Improvements in scores also are evident for the low-income population of students most likely to apply for vouchers. The next figure compares fourth-grade math scores for all public school students in Louisiana and students eligible for a free or reduced-price school lunch, which is a common indicator for poverty. It shows a lower score level for students in poverty but a nearly identical trend. Indiana score trends for low-income students also mirror its general trend.


Figure 3a

It is at least plausible that Louisiana and Indiana public schools have surpassed their private schools (for low-income students). Without data for private schools in each state, we can’t know for sure. But to the extent that voucher programs are based on the premise that students from low-income families receiving a voucher will have access to private schools that are, on average, substantially better than public schools, the equity rationale for vouchers is in doubt.

Based on what we have learned from the recent research I’ve reviewed, the decision facing parents who are considering applying to these voucher programs is complex. Suppose a parent is told their child will likely perform less well in reading and math (possibly much less, if they are in earlier grades), but might be more likely to graduate and go to college. How many would take that risk? Doing so requires a leap of faith that lower skills in reading and math will not affect their child’s future path through school, which is not intuitive to say the least. If a parent were enrolling their child in kindergarten, it would be quite a leap of faith, amounting to ‘in 13 years, it will all work out.’

In education as in medicine, ‘first, do no harm’ is a powerful guiding principle. A case to use taxpayer funds to send children of low-income parents to private schools is based on an expectation that the outcome will be positive. These recent findings point in the other direction.

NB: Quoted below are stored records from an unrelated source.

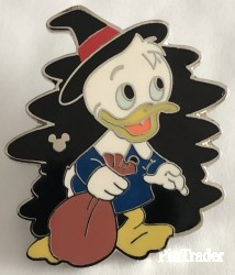 | Dewey, one of Donald Duck's nephews, is dressed up in a pilgrim costume and holding a trick or treat loot sack. His hat looks like a witch hat. |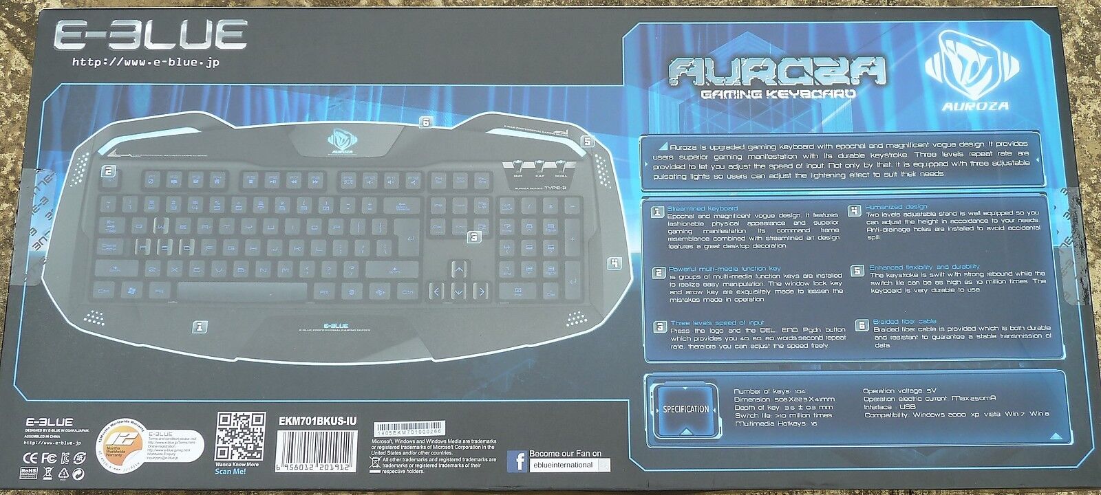 AURORA GAMING WIRED USB UK KEYBOARD BRAND NEW! e-Blue QWERTY 104 Key Repeat Rate
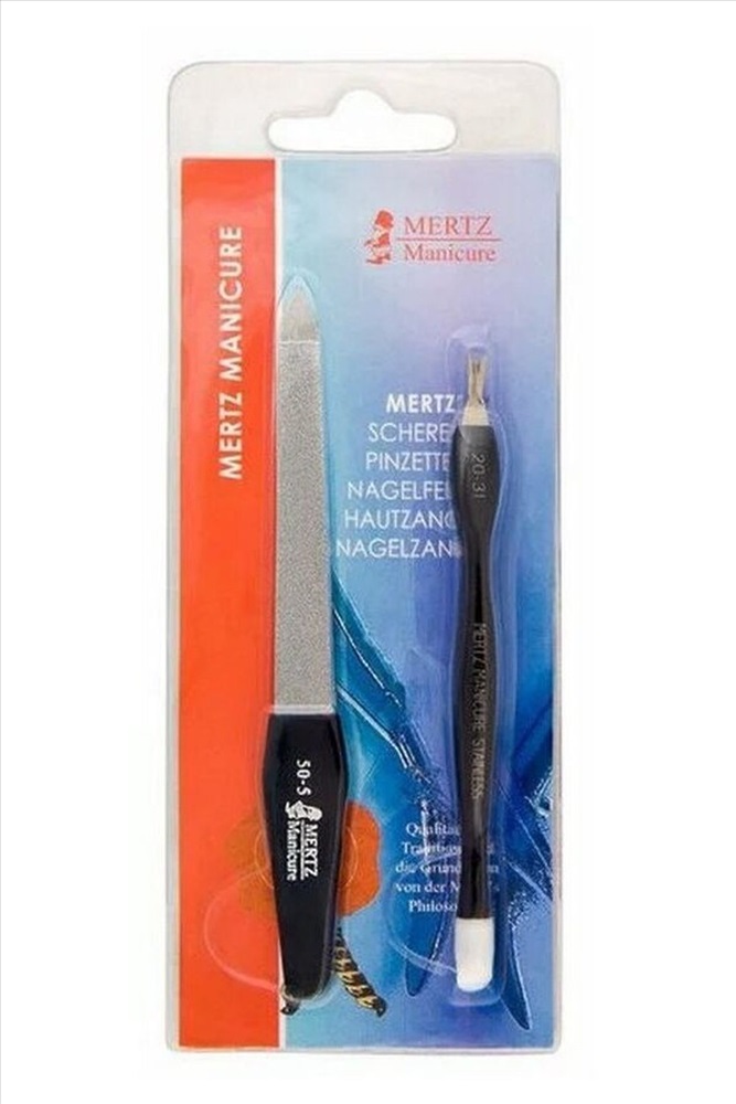 ID товара: 1108857 Сезон: Демисезон Производитель: Mertz Срок годности (мес): Не ограничен Количество в упаковке: 2 предмета Страна бренда: Россия Страна производства: Китай Состав набора: пилка для ногтей, 12 см + нож для заусенцев с резинкой, 11 см Для тех, кому нет необходимости покупать большие наборы маникюрных инструментов, немецкая компания Mertz предлагает выбрать необходимые маникюрные инструменты по отдельности или небольшими комплектами в недорогой пластиковой упаковке-блистере. Набор маникюрный в блистере из 2 предметов (801) предлагает очень удобный и при этом недорогой комплект из отличной двухсторонней пилочки для ногтей и V-образного ножа для кутикул с резинкой на противоположном конце удобной пластиковой ручки. Форма ручки такова, что она не выскальзывает и ее очень комфортно держать в руках, а сделанное из отличной инструментальной стали с хромированным покрытием лезвие имеет настолько острые режущие кромки, что просто идеально для срезания кутикулы. Комментарии к товару

More needs to be known about long-term outcomes from these recently implemented voucher programs to make the case that they are a good or bad investment of public funds. As well, we need to know if private schools would up their game in a scenario in which their performance with voucher students is reported publicly and subject to both regulatory and market accountability. And, finally, there are difficult philosophical and political questions that voters and elected officials need to mindfully address, including whether families with the personal wealth to pay tuition at a private school should have the opportunity to choose that school even if it is underperforming on traditional academic test measures whereas low-income families should be denied that right.